The key findings being:
- Social networks and blogs continue to dominate time online, now accounting for nearly a quarter of total time spent on the Internet.
- Social media has grown rapidly - today nearly 4 in 5 active Internet users visit social networks and blogs.
- Close to 40% of social media users access social media content from their mobile phone.
- Social networking apps are the third most-used among smartphone owners.
- Internet users over the age of 55 are driving the growth of social networking through the Mobile internet.
- Although a larger number of women view online video on social networks and blogs men are the heaviest online video users overall streaming more videos and watching them for longer.
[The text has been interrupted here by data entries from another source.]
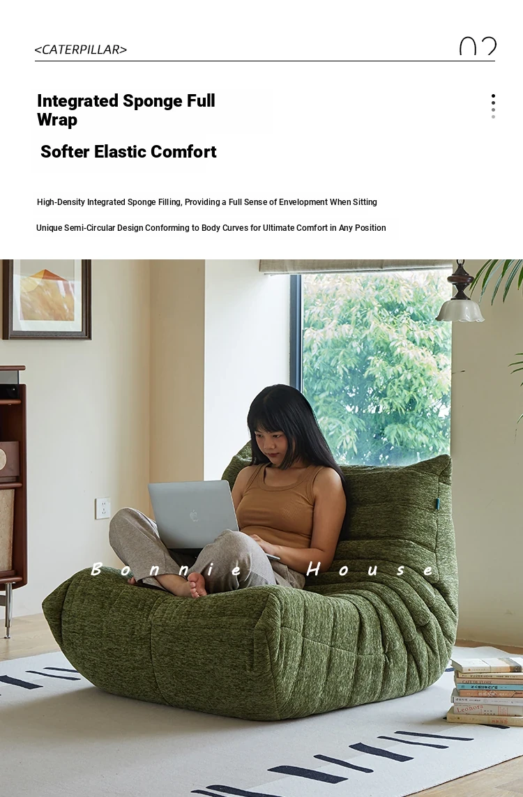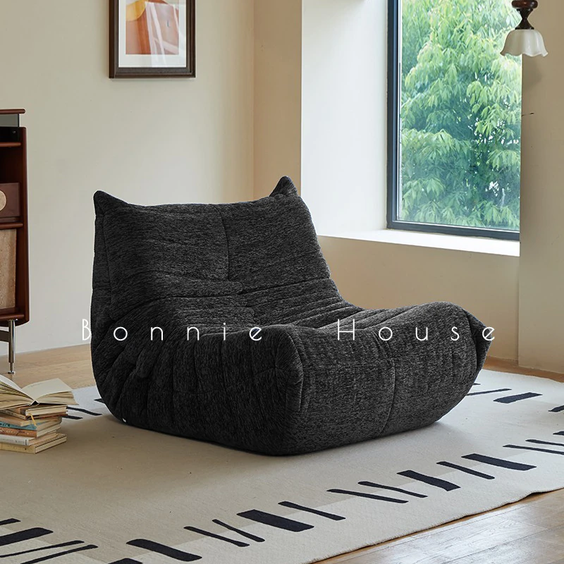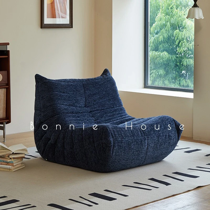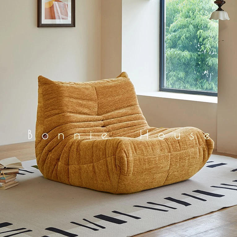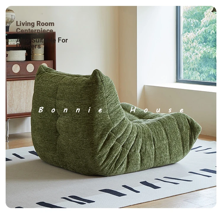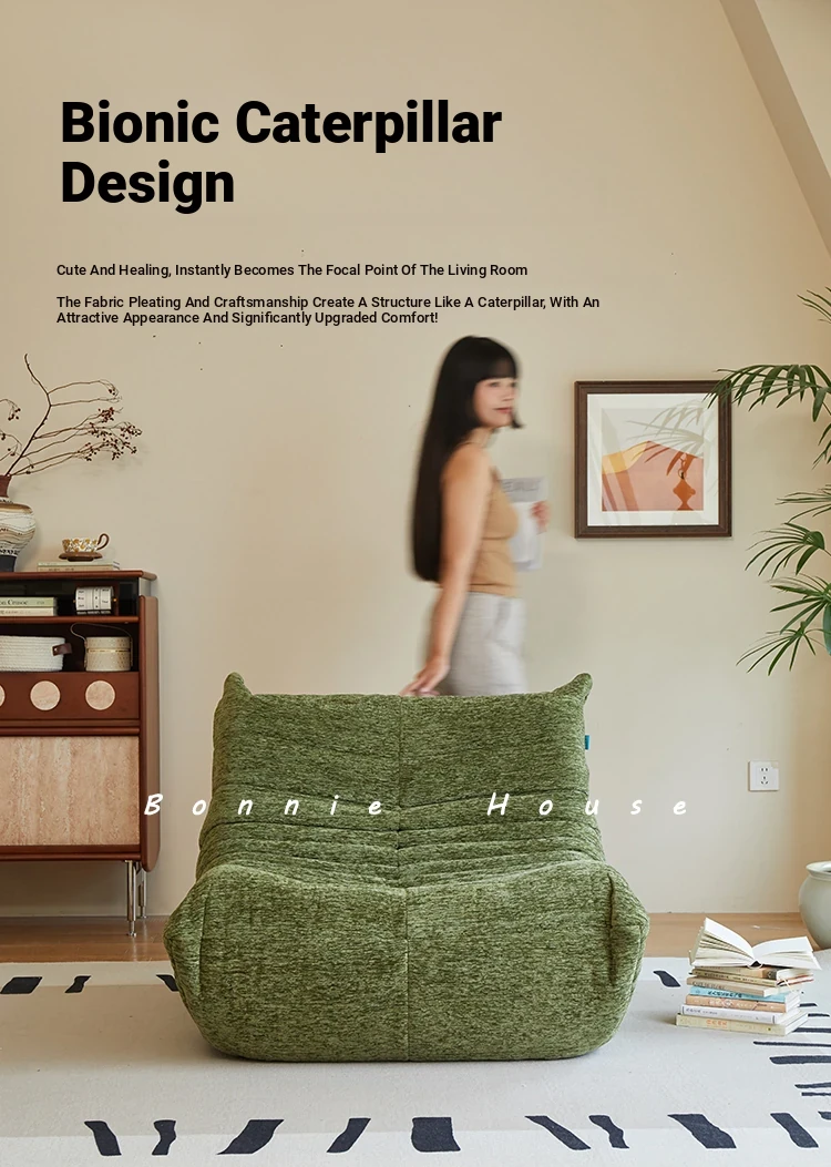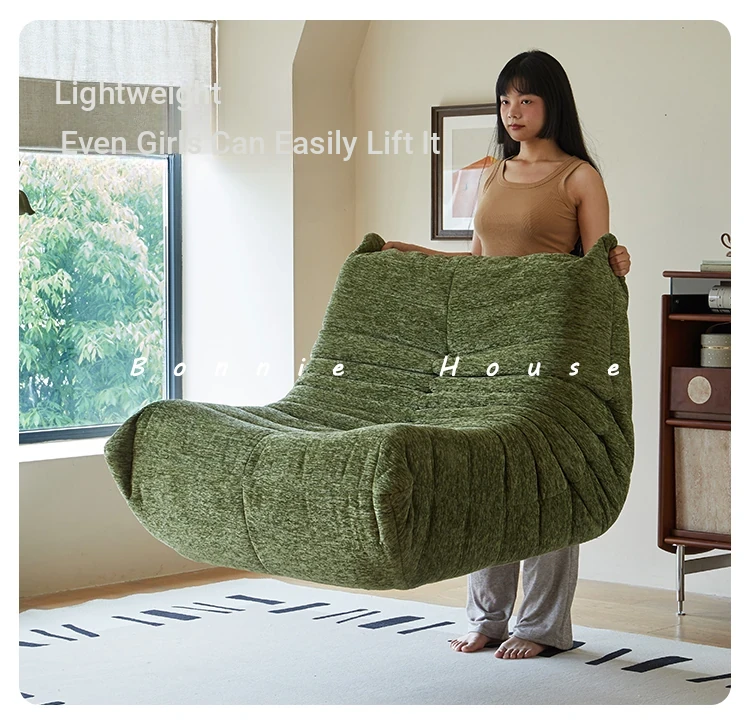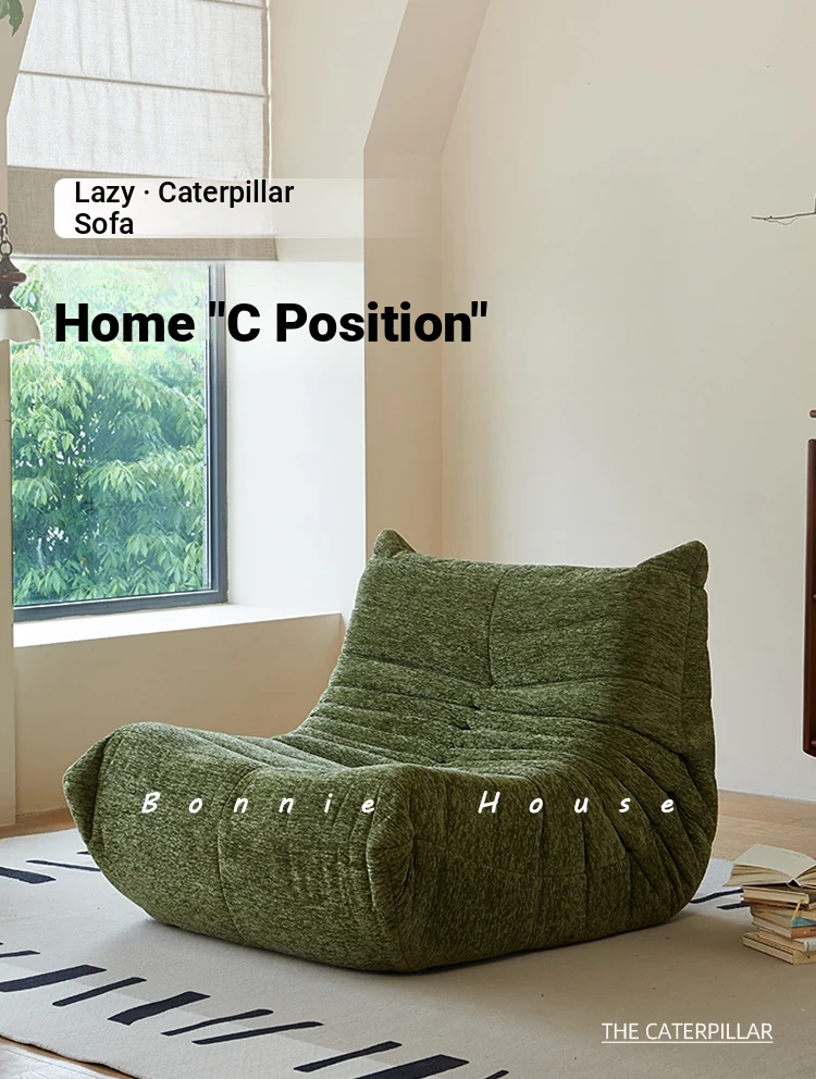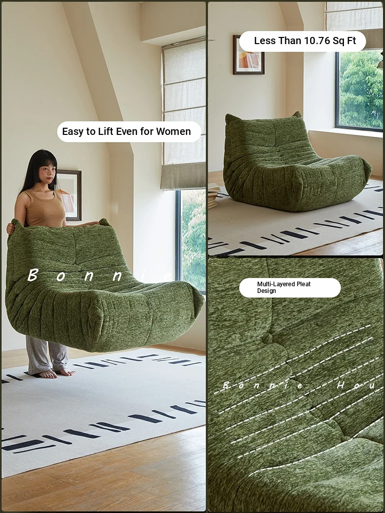 Chic Chenille Caterpillar TOGO Sofa - Original Design for Living Room, Lazy Cream Armchair with Reclining and Sleeping Features, Perfect for Relaxing on the Balcony or Solo Comfort.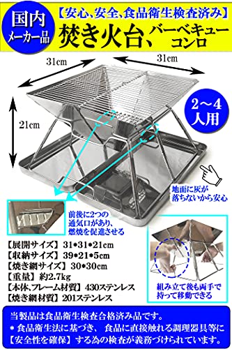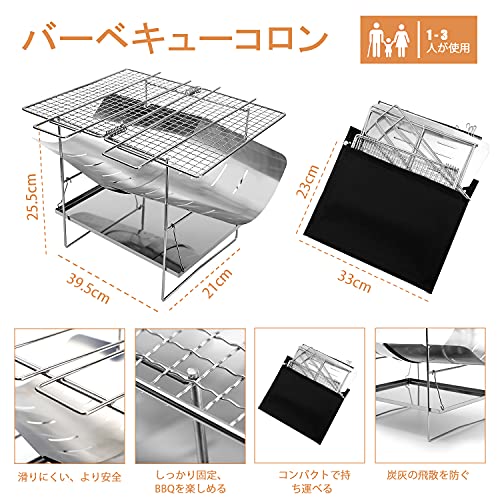 灰を受けるためのトレイや炭置き、スタンド、風防、焼き網といったソロキャンプで役立つアイテムが全て揃った便利な商品です。他の商品と比較しても充実した付属品を備えているので、ソロキャンプの快適性を上げたい時に適しています。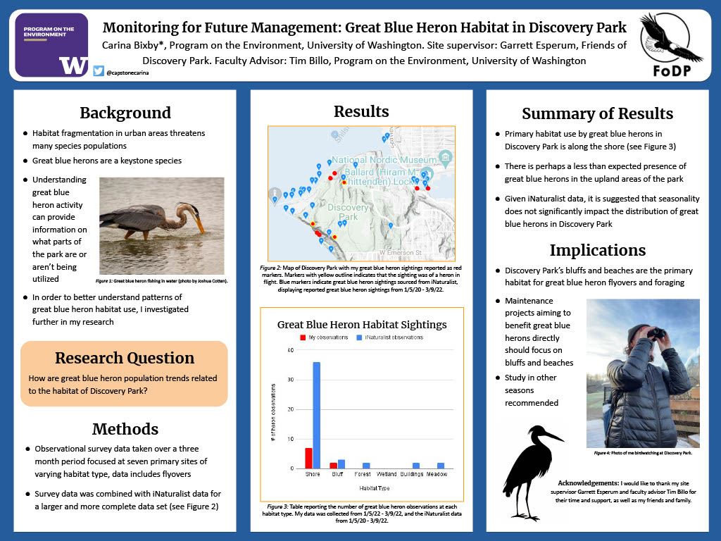 As urban areas continue to expand within the Puget Sound region, pressures on the natural environment become more visible on all ecological levels. In monitoring keystone species such as great blue herons, it is possible to evaluate how organizations such as Friends of Discovery Park (FODP) can manage natural areas to better promote habitat health and population stability. The purpose of this study was to monitor how great blue herons utilize the diverse habitat of Discovery Park, and to evaluate what abiotic and/or biotic trends influence behavior and population dispersal. This was accomplished by collecting observational data of great blue herons revolving around seven main locations across the park. Throughout the course of this internship it was found that a majority of great blue heron sightings were concentrated around the beaches of Discovery Park, with very little population data collected in the upland area of the park. Due to the foraging habits of great blue herons, the lack of presence in the upland area of the park was not an insignificant find. However, future population monitoring or perhaps utilization of citizen science databases is recommended in order to more fully map the use of Discovery Park by great blue herons. In understanding how natural spaces are utilized by keystone species, groups such as FODP are better equipped to meaningfully increase habitat health and availability in the Puget Sound through restoration and management.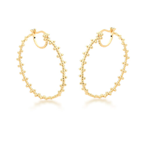 Brinco semi joia banho ouro 18k. Modelo argola redonda, toda trabalhada em mini trevos e fecho italiano. Niquel free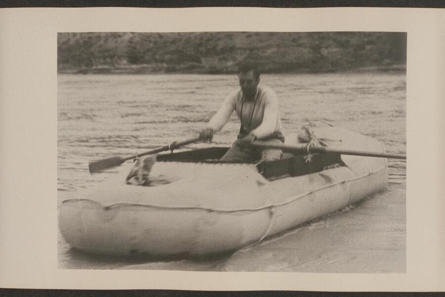 Amos Burg in "Charlie." Green River, Wyoming. Raining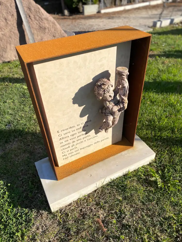 Moderner Grabstein, der edlen Marmor mit kühlem Eisen zu einer harmonischen Komposition vereint. Die schlichte Marmorplatte besticht durch ihre klare, lineare Form und wird von einem stilvollen Eisenrahmen eingefasst. Eine fein gearbeitete Engelskulptur aus Marmor sowie eine dezent gravierte Inschrift verleihen dem Denkmal eine besondere Ausdruckskraft und zeitlose Eleganz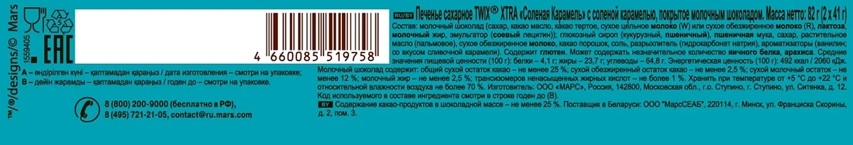 Батончик шоколадный Twix Xtra Cоленая карамель, 82г х 24 шт
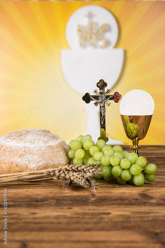 Holy communion a golden chalice with grapes and bread wafers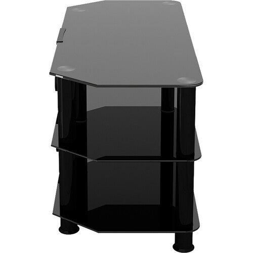 The 39" Classic Corner Glass TV Stand from AVF Group is an easy to construct, contemporary, and versatile solution for your home entertainment needs. The black tempered safety glass and durable stainless steel legs modernize any space, while the angled corners save valuable space when placed into a corner of your room. Arrange your various A/V components on the middle and bottom shelves. The built in cable management column to the rear of the stand neatly organizes your cables so they are not visible.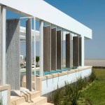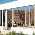 The Project encourages a continuous connection with its surroundings through an outdoor space with open partitions to the seafront, expanding the interiors and allowing the penetration of exteriors, while the lives of the occupants rotate around the central patio, marked by a large, semi-circular wall in red stone sourced from the nearby hill. The red color of the natural stone used on the patio forms a counterpoint to the pure white palette of this split-level home.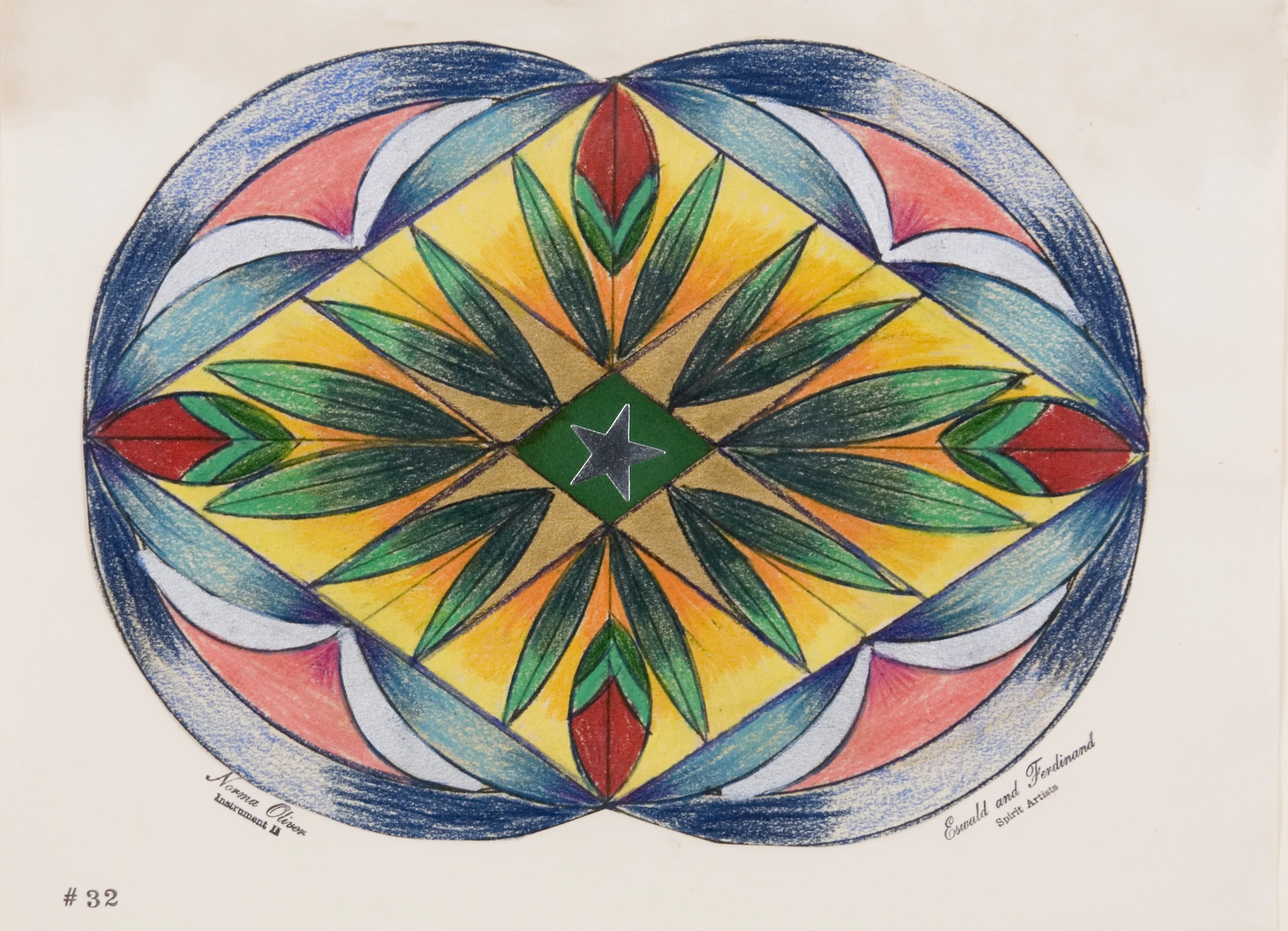 Helen Wells was called Instrument 1 by Eswald, her spirit guide, and her adopted daughter, Norma Oliver, was called Instrument 2. Between them they channeled a broad array of historical luminaries including Bishop Cornelius Jensen, Ralph Waldo Emerson, Henry David Thoreau, Andrew Jackson, Thomas Jefferson, Tom Paine, Abraham Lincoln, Pythagoras and his group including Socrates and the Seven, Tecumseh and Osceola. Well’s drawings seem to begin with a meandering line that then plunges into imagery, Norma Oliver made her own portraits of Jansen Society members by portraying them in color-specific mandalas.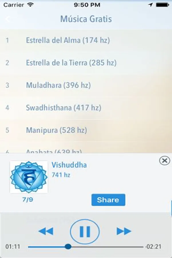 - 9 free pure sounds created for meditation, with a duration of 3'33 "each.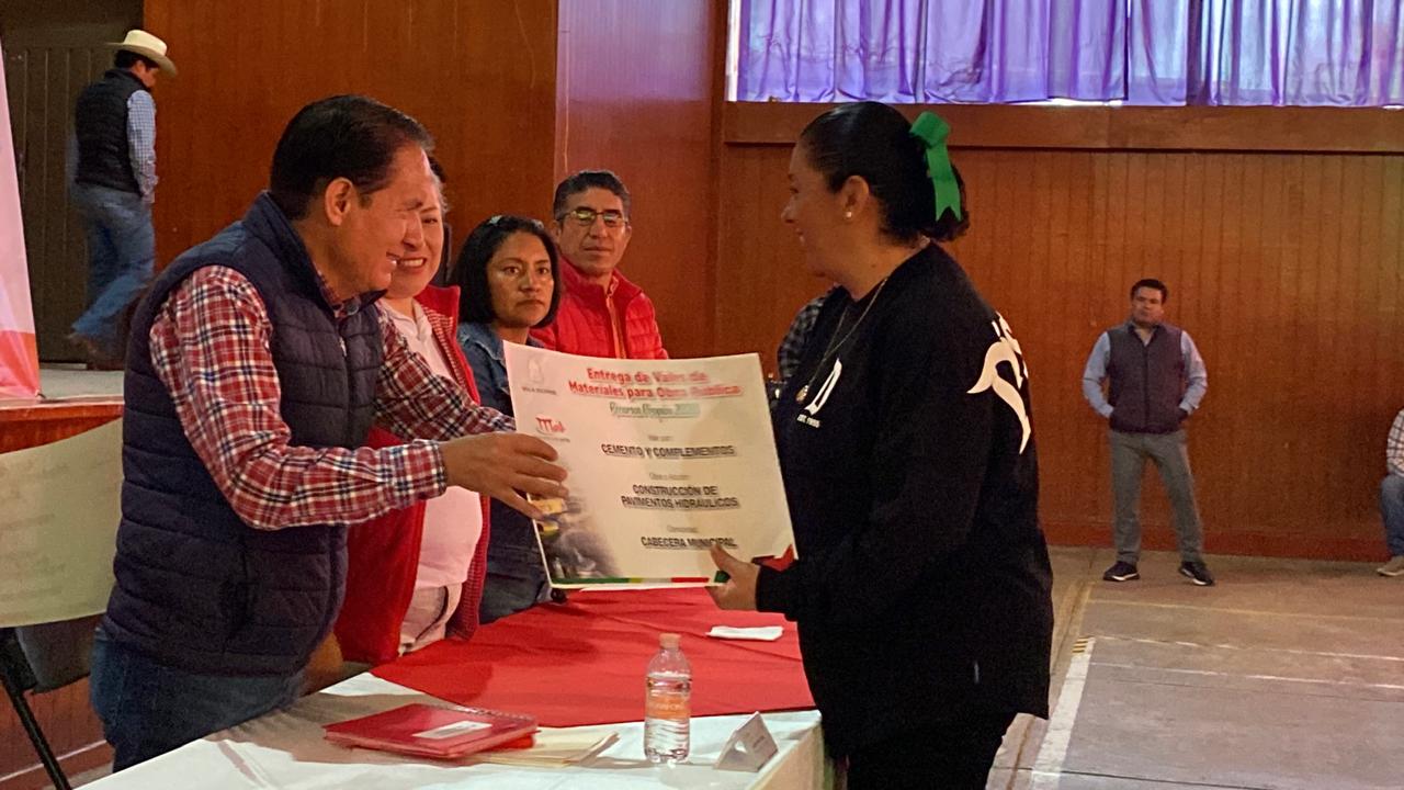 *.- Entrega vales de material a autoridades auxiliares correspondiente a 800 toneladas de cemento y agregados para que inicien con infraestructura en sus localidades.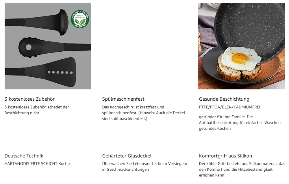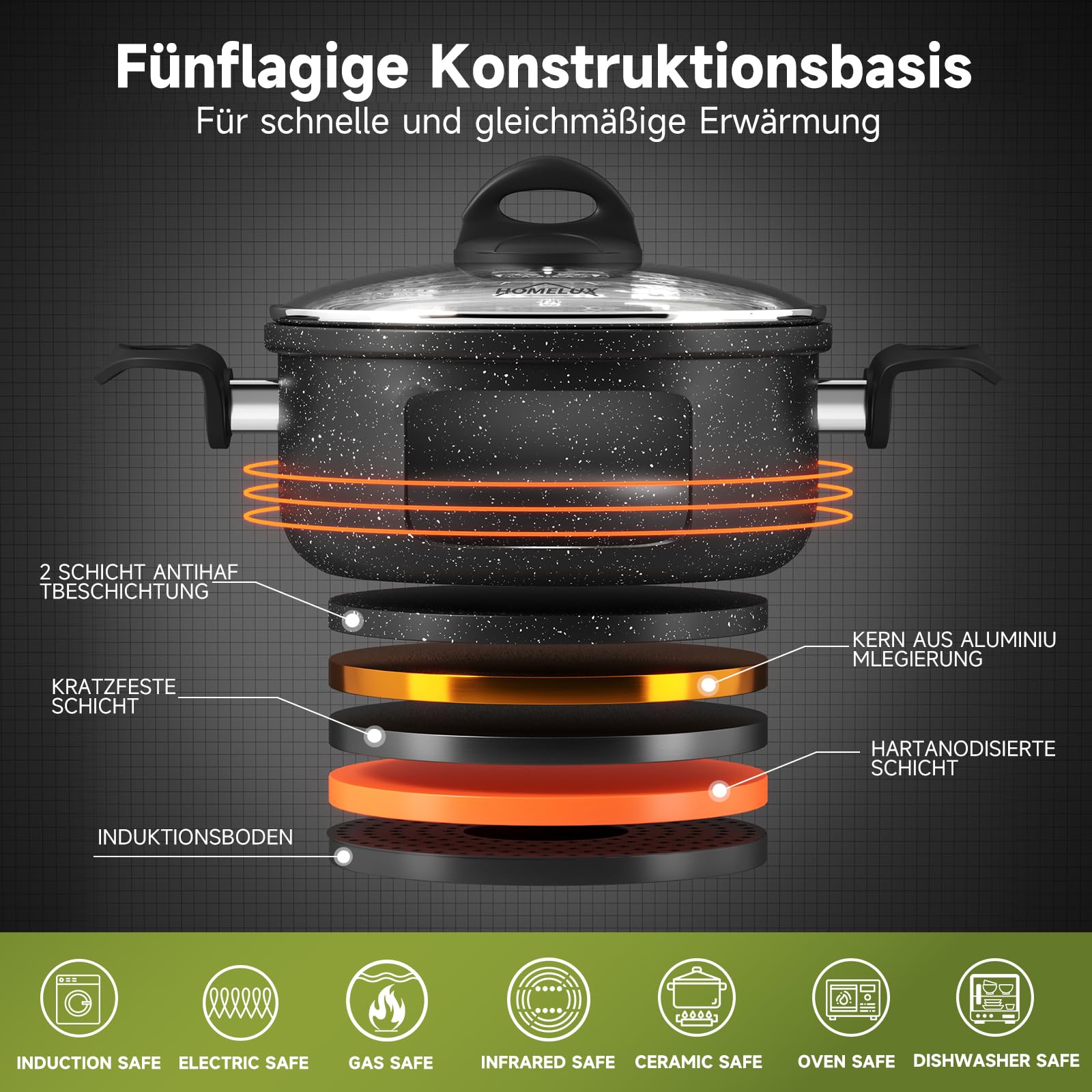 the cookware set has a robust aluminium body. Durable and torsion-resistant, with a three-layer composite base that heats up quickly and distributes heat evenly for excellent cooking results. It is compatible with gas, electric, ceramic, glass, stove, induction hobs and more.

- 70% of active online adult social networkers shop online, 12% more likely than the average adult Internet user.
- 53% of active adult social networkers follow a brand, while 32% follow a celebrity
- Across a snapshot of 10 major global markets, social networks and blogs reach over three-quarters of active Internet users.
- Tumblr is an emgering platform with an amazing growth rate.
This is positive news for the social media industry and if we combine that with another interesting article from emarketer As Social Spending Rises, Which Metrics Are CMOs Focusing On? we can start to see a shift in the mentality of the cheque writing CMOs.
Two highly interesting statistics being:
"As of August 2011, marketers were spending an average of 7.1% of their marketing budgets on social media and planned to increase that to 10.1% in the next 12 months. Within five years, marketers expect social media to account for 17.5% of marketing budgets."
"Meanwhile, use of sales levels as a metric dropped from 17.9% of respondents in 2010 to 13.3% in 2011, and fewer also measured revenue per customer, with only 9.6% of respondents highlighting that option this year, down from 17.2% in 2010."
This shift is good, the move towards a more customer relationship view of social media is a good trend and long may it continue.